12. Adjustments of Exercise Price and Number of Warrant
Shares. The number and kind of securities purchasable upon the exercise of this
Warrant and the Exercise Price shall be subject to adjustment from time to time
upon the happening of any of the following.
In case the Company shall (i) declare or pay a dividend in
shares of Common Stock or make a distribution in shares of Common Stock to
holders of its outstanding Common Stock, (ii) subdivide its outstanding shares
of Common Stock, (iii) combine its outstanding shares of Common Stock into a
smaller number of shares of Common Stock or (iv) issue any shares of its capital
stock in a reclassification of the Common Stock, then the number of Warrant
Shares purchasable upon exercise of this Warrant immediately prior thereto shall
be adjusted so that the holder of this Warrant shall be entitled to receive the
kind and number of Warrant Shares or other securities of the Company which he
would have owned or have been entitled to receive had such Warrant been
exercised in advance thereof.
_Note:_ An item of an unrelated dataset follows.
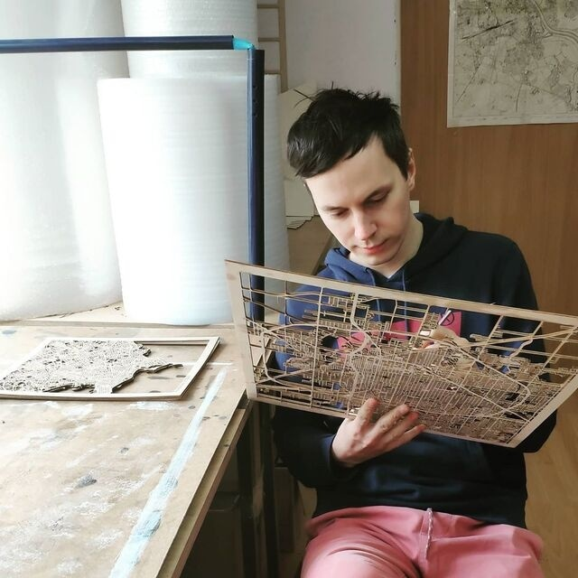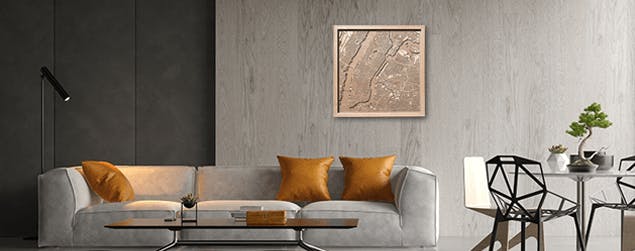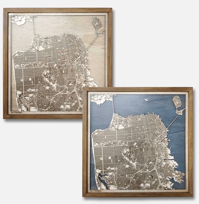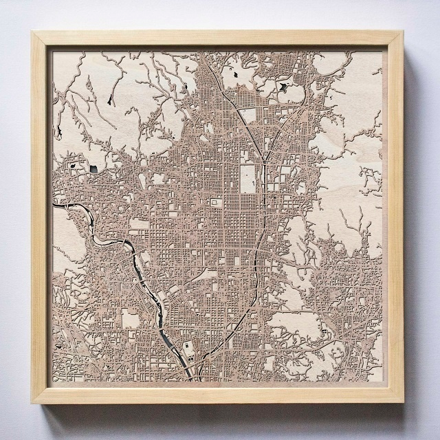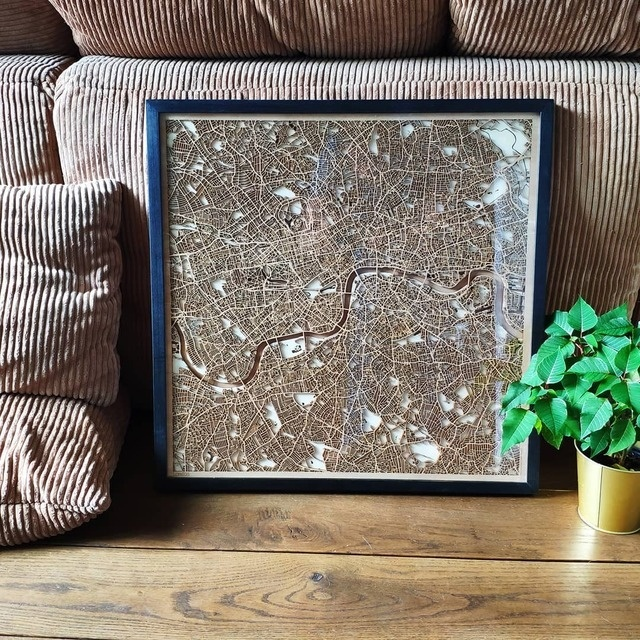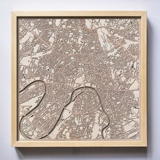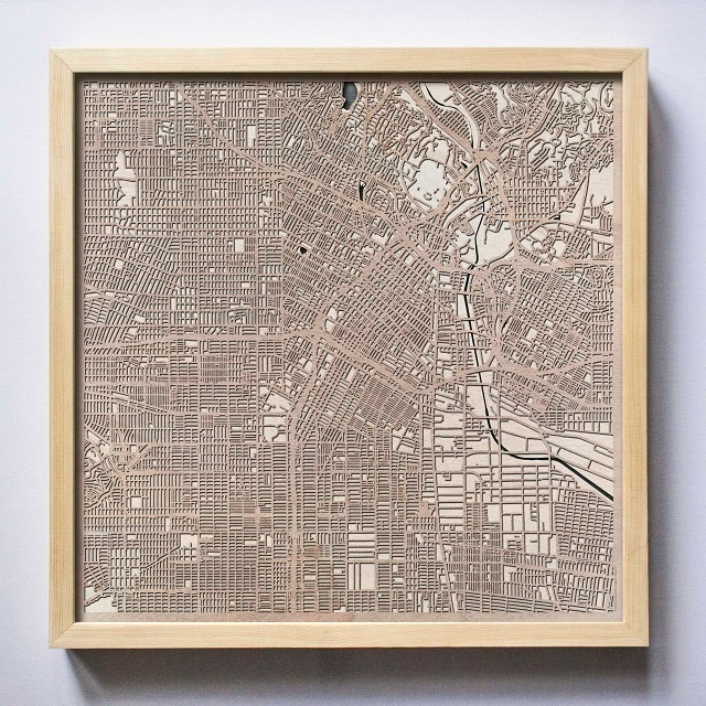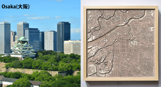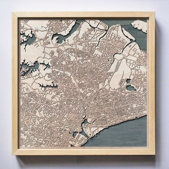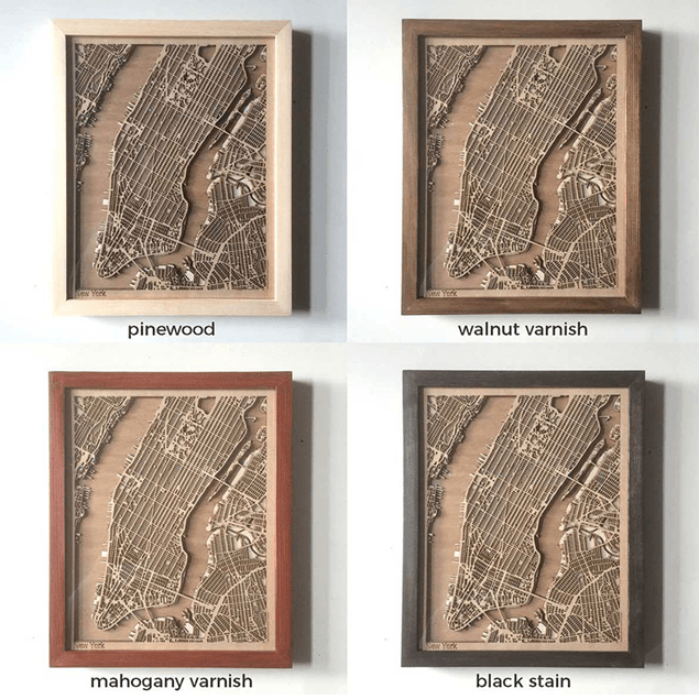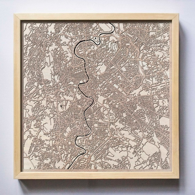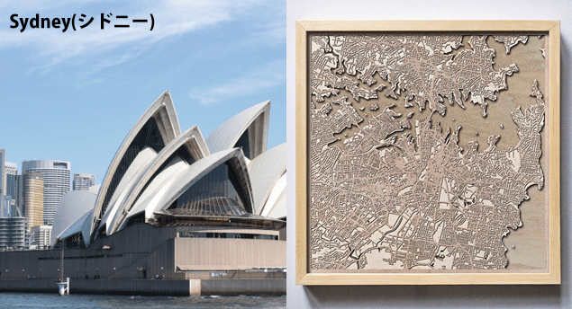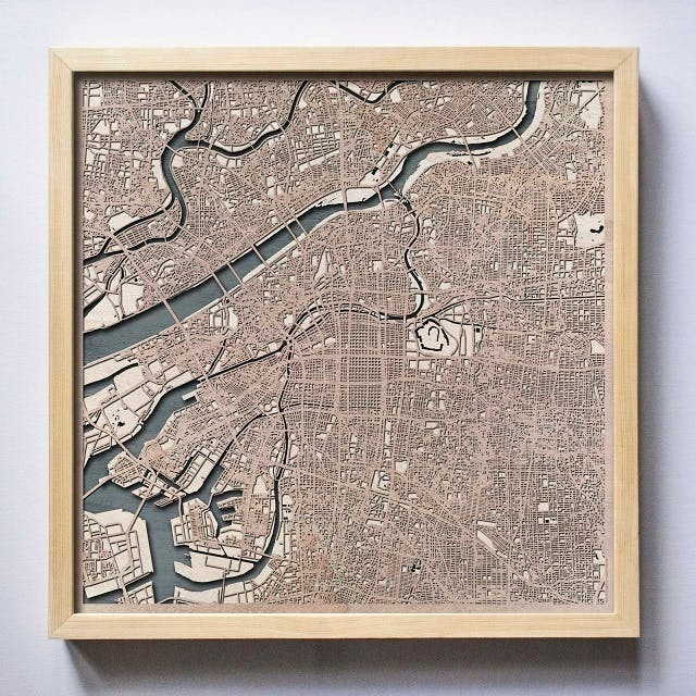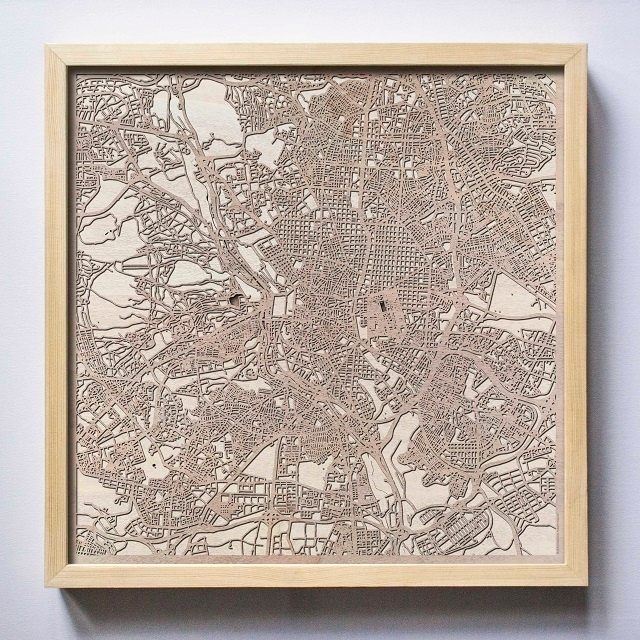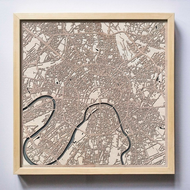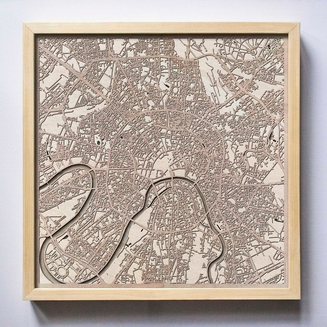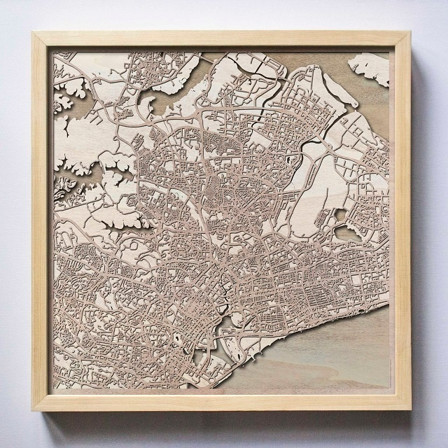 世界の大都市をレーザーカットで精巧に表現した3D木製地図。
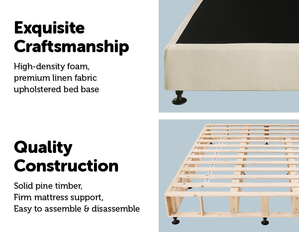 • Materials: Solid pine timber, high-density foam, and premium linen fabric upholstered bed base

Upon each such adjustment of the kind and number
of Warrant Shares or other securities of the Company which are purchasable
hereunder, the holder of this Warrant shall thereafter be entitled to purchase
the number of Warrant Shares or other securities resulting from such adjustment
at an Exercise Price per such Warrant Share or other security obtained by
multiplying the Exercise Price in effect immediately prior to such adjustment by
the number of Warrant Shares purchasable pursuant hereto immediately prior to
such adjustment and dividing by the number of Warrant Shares or other securities
of the Company resulting from such adjustment. An adjustment made pursuant to
this paragraph shall become effective immediately after the effective date of
such event retroactive to the record date, if any, for such event.
13. [Reserved]
14. Notice of Adjustment. Whenever the number of Warrant
Shares or number or kind of securities or other property purchasable upon the
exercise of this Warrant or the Exercise Price is adjusted, as herein provided,
the Company shall promptly mail by registered or certified mail, return receipt
requested, to the holder of this Warrant notice of such adjustment or
adjustments setting forth the number of Warrant Shares (and other securities or
property) purchasable upon the exercise of this Warrant and the Exercise Price
of such Warrant Shares (and other securities or property) after such adjustment,
4
setting forth a brief statement of the facts requiring such adjustment and
setting forth the computation by which such adjustment was made. Such notice, in
absence of manifest error, shall be conclusive evidence of the correctness of
such adjustment.
15. Authorized Shares. The Company covenants that during the
period the Warrant is outstanding, it will reserve from its authorized and
unissued Common Stock sufficient number of shares to provide for the issuance of
the Warrant Shares upon the exercise of any purchase rights under this Warrant.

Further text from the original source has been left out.